The NTSB said Enbridge had noticed cracks as early as 2005 but had failed to repair them.
“This accident is a wake-up call to the industry, the regulator, and the public,” NTSB Chairman Deborah A.P. Hersman said in a statement. “Enbridge knew for years that this section of the pipeline was vulnerable yet they didn’t act on that information.” She added that “for the regulator to delegate too much authority to the regulated to assess their own system risks and correct them is tantamount to the fox guarding the hen house.”
The spill began about 5:58 p.m. on July 25, 2010, when a 30-inch diameter pipeline ruptured. Twice, Enbridge workers tried to restart the pipeline after alarms about abnormal pressure in the line and 81 percent of the oil spilled over 17 hours after those alarms, the NTSB said.

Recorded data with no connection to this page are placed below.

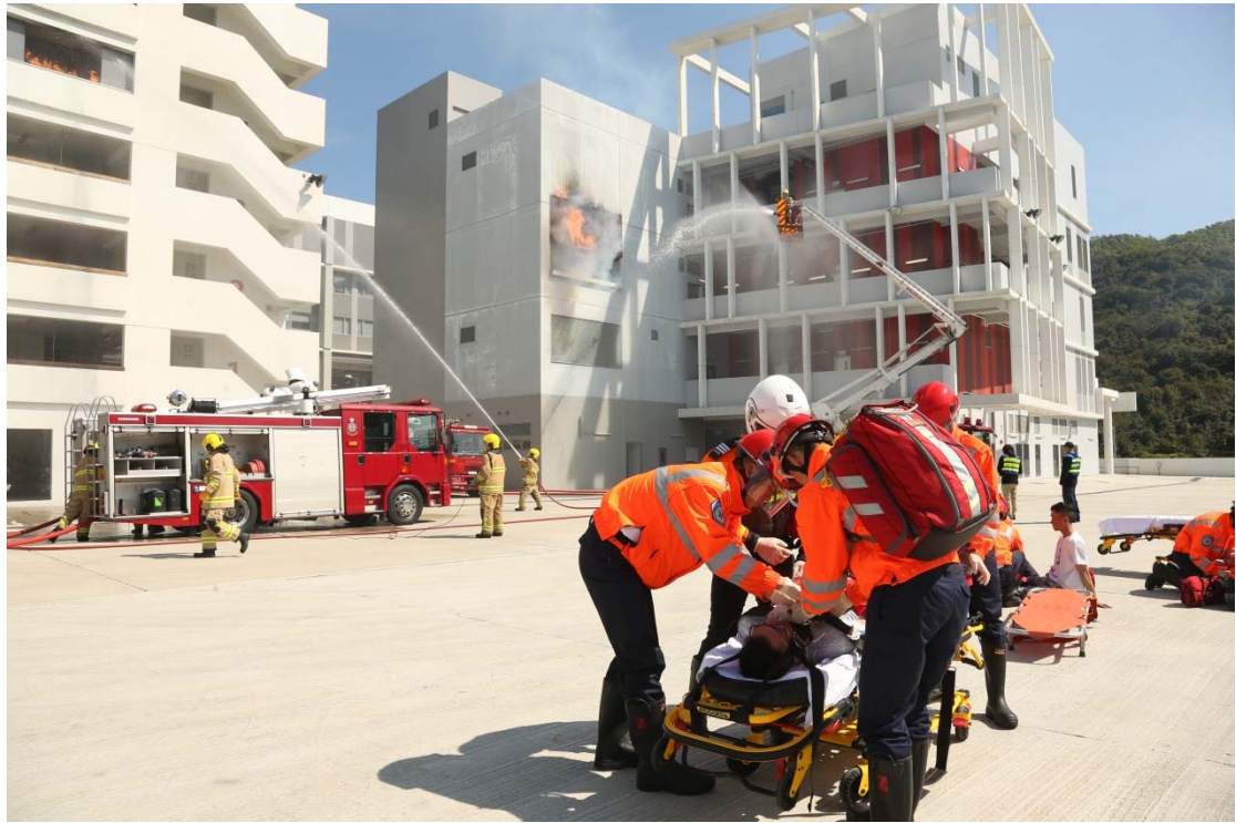
保安局常任秘书长罗智光今日（二月十七日）在消防及救护学院出席消防处第177届结业会操，检阅学员。图示结业学员示范扑灭火警及救护工作。
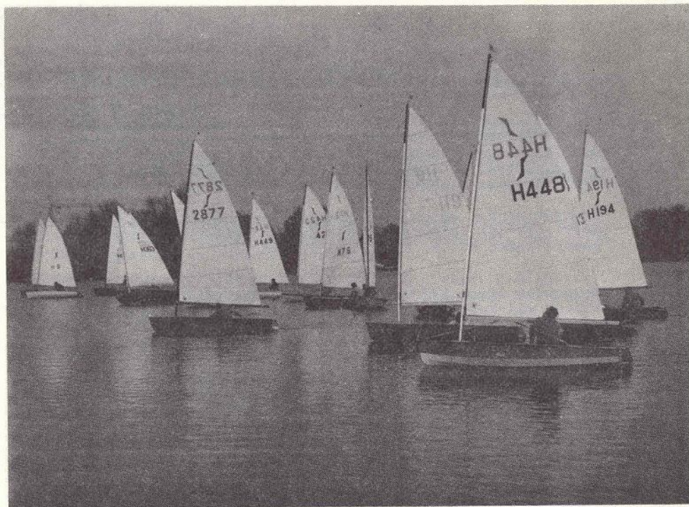
Dobberen op Aegir
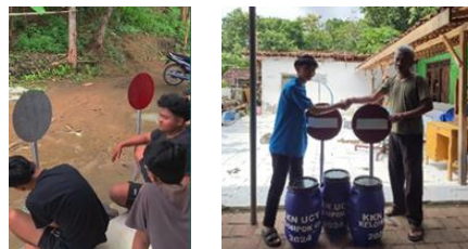
gambar 2 pembuatan dan penyerahan

Program ini merupakan salah satu saran dari masyarakat RT 03, akan tetapi dalam pencarian bahan dan proses pembuatan plang membutuhkan waktu yang cukup lama. Tujuan adanya plang penunjuk arah yaitu untuk memudahkan Masyarakat mengetahui apabila jalan tersebut ditutup. Pembuatan plang ini dilakukan oleh seluruh anggota kkn

“We believe that the experienced personnel involved in the decisions made at the time of the release were trying to do the right thing,” Enbridge’s chief executive, Patrick D. Daniel, said. “As with most such incidents, a series of unfortunate events and circumstances resulted in an outcome no one wanted.”
The case is being scrutinized by industry and environmental groups because it could threaten plans to build new pipelines to carry crude from Canada’s oil sands, or tar sands, into the United States. TransCanada’s controversial Keystone XL pipeline is one of the plans awaiting approval. Last month, the Environmental Protection Agency reopened the Kalamazoo for recreational use but said an area known as the Morrow Lake Delta would remain closed. It said there could be “temporary effects such as skin irritation” from “touching residual oil on the river or in the sediment.”

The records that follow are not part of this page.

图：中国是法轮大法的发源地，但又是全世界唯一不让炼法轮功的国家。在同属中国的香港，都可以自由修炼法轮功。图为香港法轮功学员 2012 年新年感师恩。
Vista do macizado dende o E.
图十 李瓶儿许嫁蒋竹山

The NTSB, part of the Transportation Department, said the Enbridge pipeline break “was the result of multiple small corrosion-fatigue cracks that over time grew in size and linked together, creating a gaping breach in the pipe measuring over 80 inches long.”
Environmental groups say that the ingredients of crude from the oil sands could increase the number of pipeline leaks and that any spill would pose new cleanup problems because the bitumen in such crude oil sinks to the bottom of rivers and lakes instead of floating like that of conventional crude oils.